'''
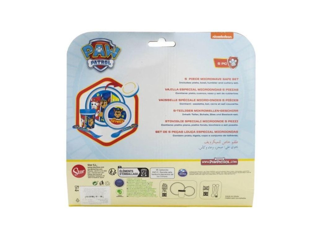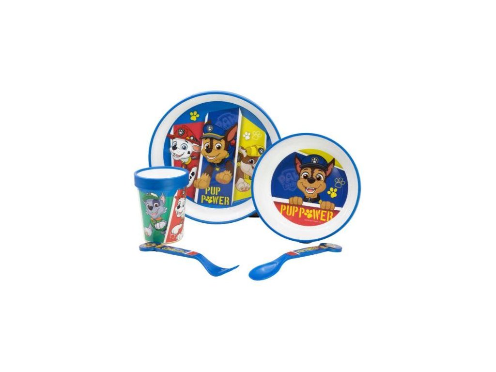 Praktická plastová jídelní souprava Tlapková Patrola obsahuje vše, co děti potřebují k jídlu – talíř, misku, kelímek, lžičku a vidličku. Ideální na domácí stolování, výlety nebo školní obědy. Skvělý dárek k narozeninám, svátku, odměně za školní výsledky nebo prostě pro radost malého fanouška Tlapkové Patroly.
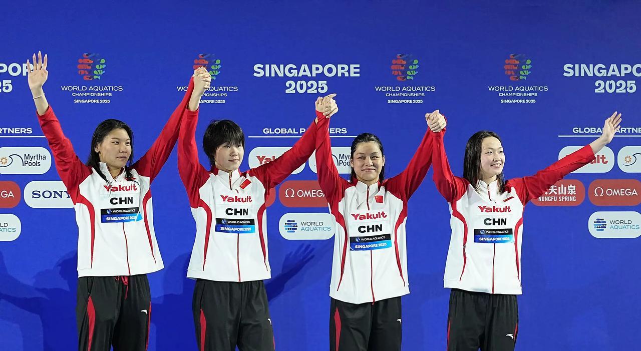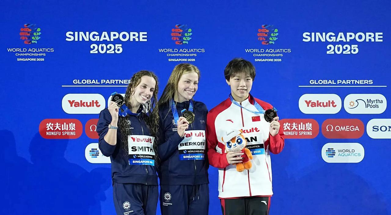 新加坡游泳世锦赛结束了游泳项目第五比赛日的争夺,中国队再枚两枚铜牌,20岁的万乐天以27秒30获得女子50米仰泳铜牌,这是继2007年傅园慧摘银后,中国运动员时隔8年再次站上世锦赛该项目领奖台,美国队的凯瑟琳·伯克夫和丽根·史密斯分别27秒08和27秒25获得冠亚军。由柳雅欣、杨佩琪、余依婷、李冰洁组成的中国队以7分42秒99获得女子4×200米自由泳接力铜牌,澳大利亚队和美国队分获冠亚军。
'''
'''
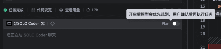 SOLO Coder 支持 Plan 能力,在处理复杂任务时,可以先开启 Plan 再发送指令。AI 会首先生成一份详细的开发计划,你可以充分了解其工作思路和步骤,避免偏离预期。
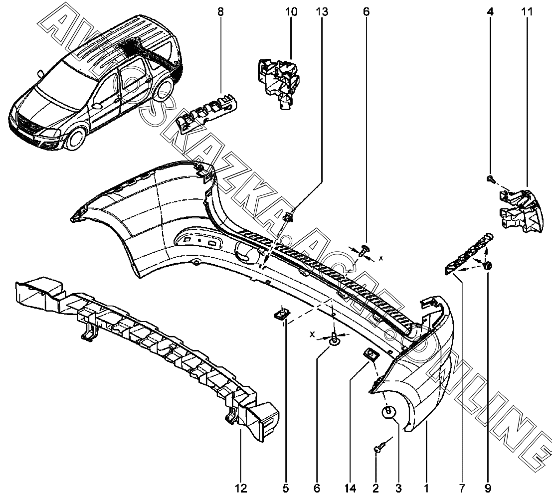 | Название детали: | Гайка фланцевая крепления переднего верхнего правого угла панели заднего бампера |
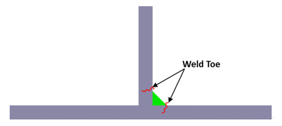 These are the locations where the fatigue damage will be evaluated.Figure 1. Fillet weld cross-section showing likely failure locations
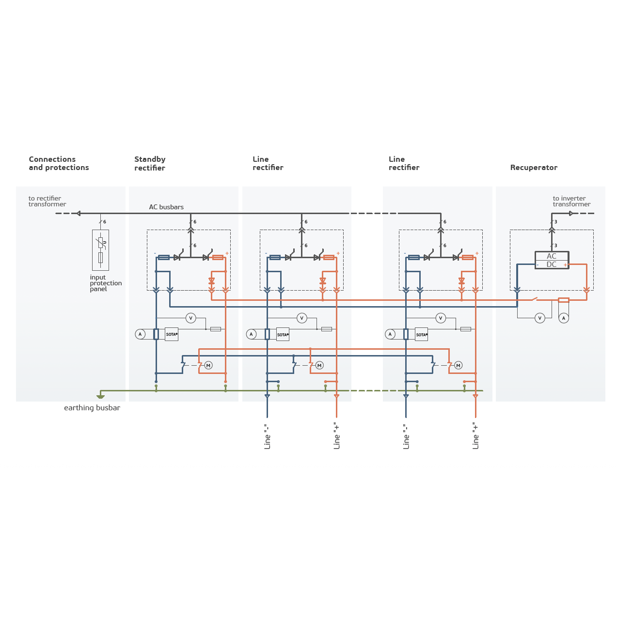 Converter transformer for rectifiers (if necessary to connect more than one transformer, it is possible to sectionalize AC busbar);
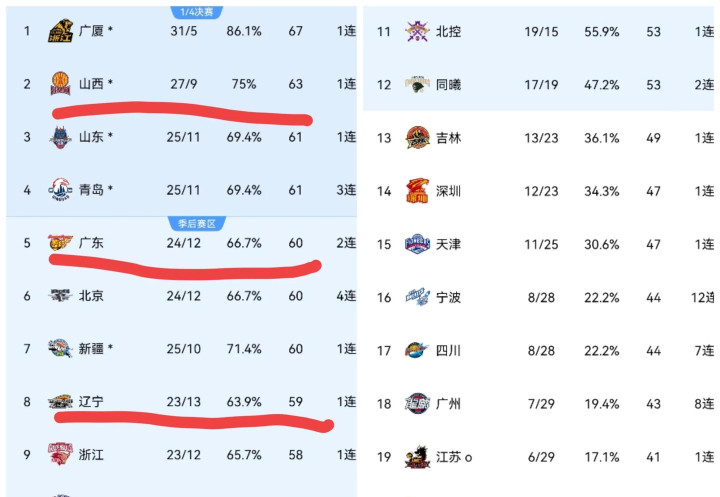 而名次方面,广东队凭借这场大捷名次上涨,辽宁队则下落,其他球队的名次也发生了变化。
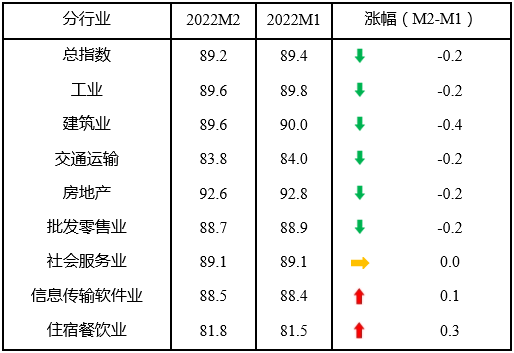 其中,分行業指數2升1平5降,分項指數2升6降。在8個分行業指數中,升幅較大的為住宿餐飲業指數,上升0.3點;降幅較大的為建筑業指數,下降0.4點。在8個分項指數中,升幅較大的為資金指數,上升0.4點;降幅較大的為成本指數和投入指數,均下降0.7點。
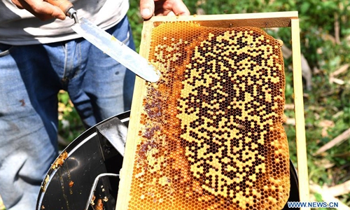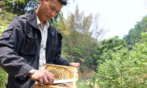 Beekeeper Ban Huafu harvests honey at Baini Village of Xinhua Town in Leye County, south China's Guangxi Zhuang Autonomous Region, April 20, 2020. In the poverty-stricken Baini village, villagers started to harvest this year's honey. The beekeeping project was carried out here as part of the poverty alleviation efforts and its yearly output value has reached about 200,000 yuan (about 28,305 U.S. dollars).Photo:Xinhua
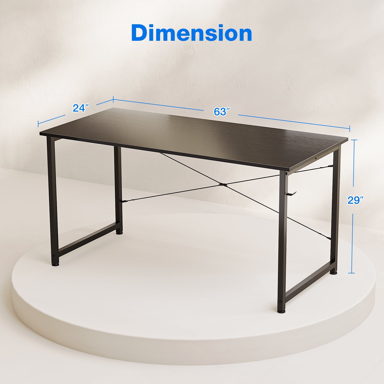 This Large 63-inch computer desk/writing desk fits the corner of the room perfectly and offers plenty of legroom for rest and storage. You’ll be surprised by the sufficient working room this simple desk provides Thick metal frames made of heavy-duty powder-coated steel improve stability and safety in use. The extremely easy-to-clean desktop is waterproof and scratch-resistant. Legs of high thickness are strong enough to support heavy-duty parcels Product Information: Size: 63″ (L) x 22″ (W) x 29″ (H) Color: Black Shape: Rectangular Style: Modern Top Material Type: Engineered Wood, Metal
'''
'''
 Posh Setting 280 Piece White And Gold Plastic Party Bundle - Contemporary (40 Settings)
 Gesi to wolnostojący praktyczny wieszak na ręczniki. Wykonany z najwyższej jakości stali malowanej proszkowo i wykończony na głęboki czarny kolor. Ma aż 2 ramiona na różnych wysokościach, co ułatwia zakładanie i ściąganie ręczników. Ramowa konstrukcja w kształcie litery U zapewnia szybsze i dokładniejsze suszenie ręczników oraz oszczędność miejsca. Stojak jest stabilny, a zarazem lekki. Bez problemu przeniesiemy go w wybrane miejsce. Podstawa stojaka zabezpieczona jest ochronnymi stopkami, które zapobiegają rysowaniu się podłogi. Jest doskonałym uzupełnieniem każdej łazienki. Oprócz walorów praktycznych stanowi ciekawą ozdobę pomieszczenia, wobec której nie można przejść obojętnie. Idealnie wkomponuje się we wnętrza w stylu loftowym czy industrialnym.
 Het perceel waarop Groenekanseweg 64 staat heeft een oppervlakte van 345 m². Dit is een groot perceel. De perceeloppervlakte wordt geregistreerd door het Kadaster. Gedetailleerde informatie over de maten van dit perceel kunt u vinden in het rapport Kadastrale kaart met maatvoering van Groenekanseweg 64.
'''
[EXERCISE]
Look through the listing above for the line with "而名次方面,广东队凭借这场大" and the line with "其中,分行業指數2升1平5降". Write out exactly those lines and everything between, leaving out pictures.

[ANSWER TO THE PROBLEM]
 而名次方面,广东队凭借这场大捷名次上涨,辽宁队则下落,其他球队的名次也发生了变化。
 其中,分行業指數2升1平5降,分項指數2升6降。在8個分行業指數中,升幅較大的為住宿餐飲業指數,上升0.3點;降幅較大的為建筑業指數,下降0.4點。在8個分項指數中,升幅較大的為資金指數,上升0.4點;降幅較大的為成本指數和投入指數,均下降0.7點。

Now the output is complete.